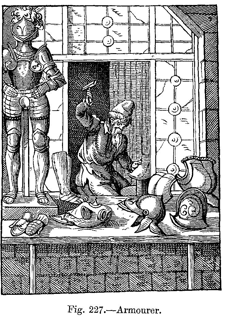 The surcoat (sur-cotte) was at first a garment worn only by females, but it was soon adopted by both sexes: it was originally a large wrapper with sleeves, and was thrown over the upper part of the robe (cotte), hence its name, sur-cotte. Very soon it was made without sleeves--doubtless, as M. Quicherat remarks, that the under garment, which was made of more costly material, might be seen; and then, with the same object, and in order that the due motion of the limbs might not be interfered with, the surcoat was raised higher above the hips, and the arm-holes were made very large.
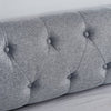 - Crafted from durable linen and a solid plywood and MDF frame, this mid-century-inspired piece features an elegant button tufted back and chic wavy arms, bringing sophistication to any room. Its reinforced construction supports up to 300lbs, ensuring long-lasting use without wobbling.
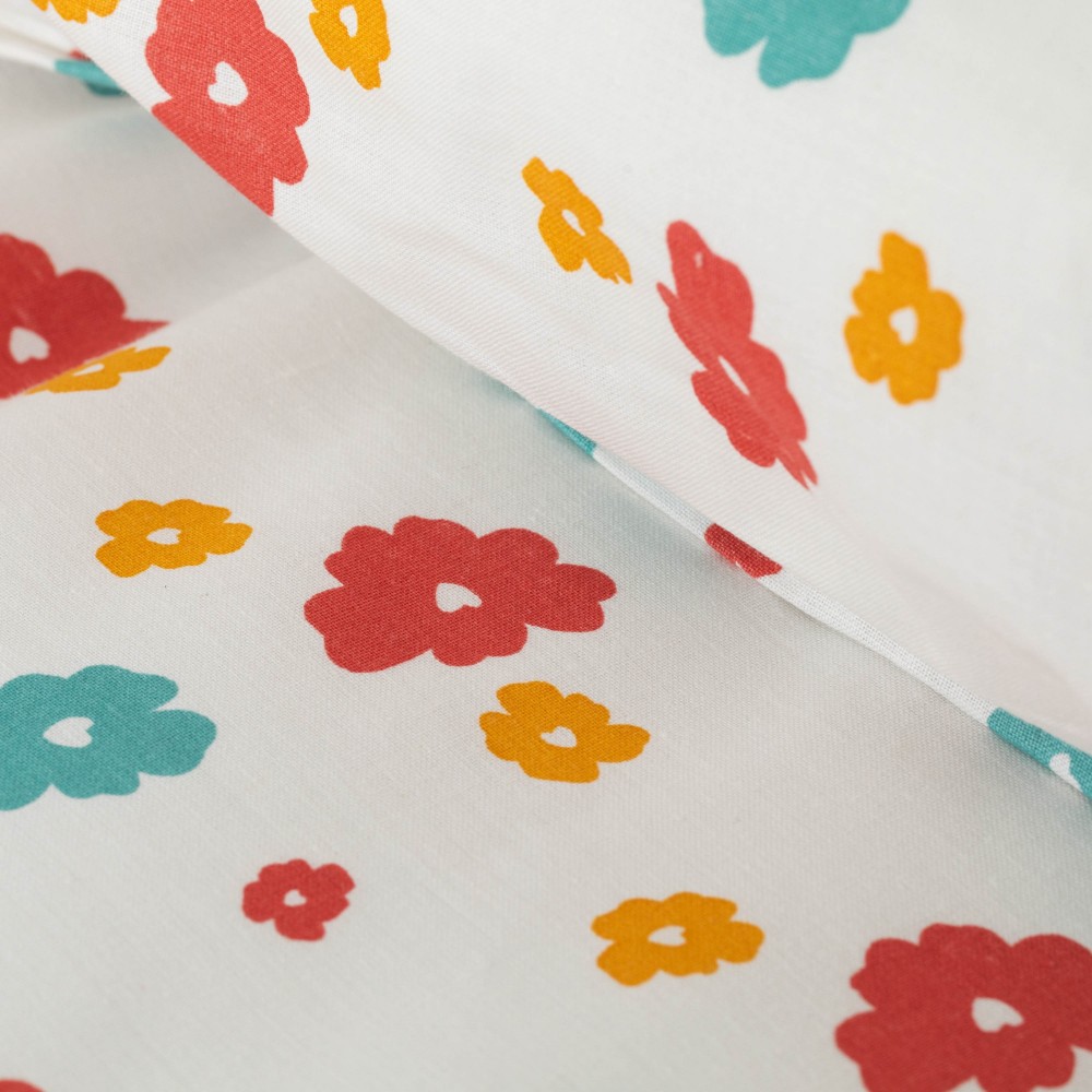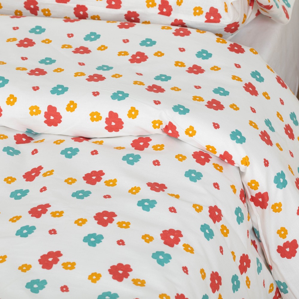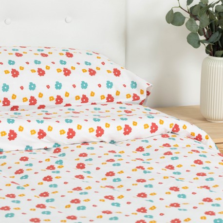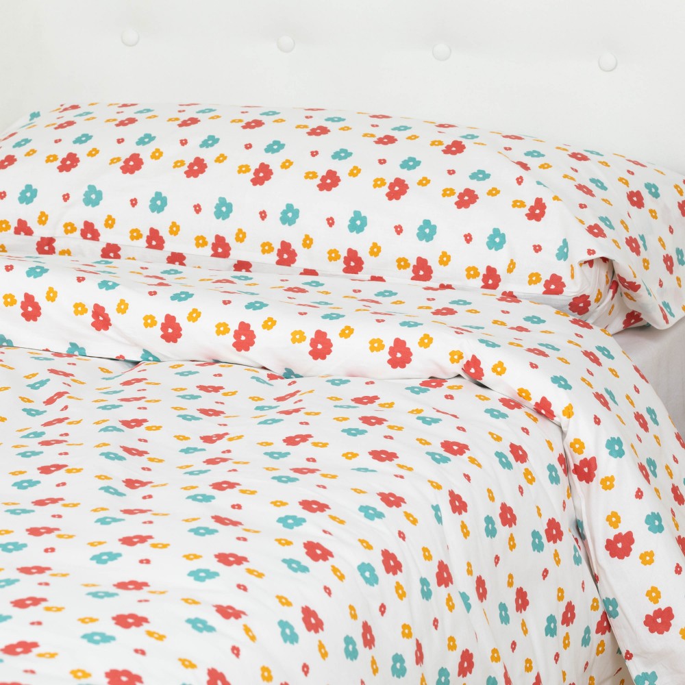 Funda de almohada y funda nórdica con un estampado juvenil de flores en tonos rojos, naranjas y verdes sobre un fondo blanco.

Work instructions ▸
With images omitted, retype the data word for word.

Result of this exercise ▸
 The surcoat (sur-cotte) was at first a garment worn only by females, but it was soon adopted by both sexes: it was originally a large wrapper with sleeves, and was thrown over the upper part of the robe (cotte), hence its name, sur-cotte. Very soon it was made without sleeves--doubtless, as M. Quicherat remarks, that the under garment, which was made of more costly material, might be seen; and then, with the same object, and in order that the due motion of the limbs might not be interfered with, the surcoat was raised higher above the hips, and the arm-holes were made very large.
 - Crafted from durable linen and a solid plywood and MDF frame, this mid-century-inspired piece features an elegant button tufted back and chic wavy arms, bringing sophistication to any room. Its reinforced construction supports up to 300lbs, ensuring long-lasting use without wobbling.
 Funda de almohada y funda nórdica con un estampado juvenil de flores en tonos rojos, naranjas y verdes sobre un fondo blanco.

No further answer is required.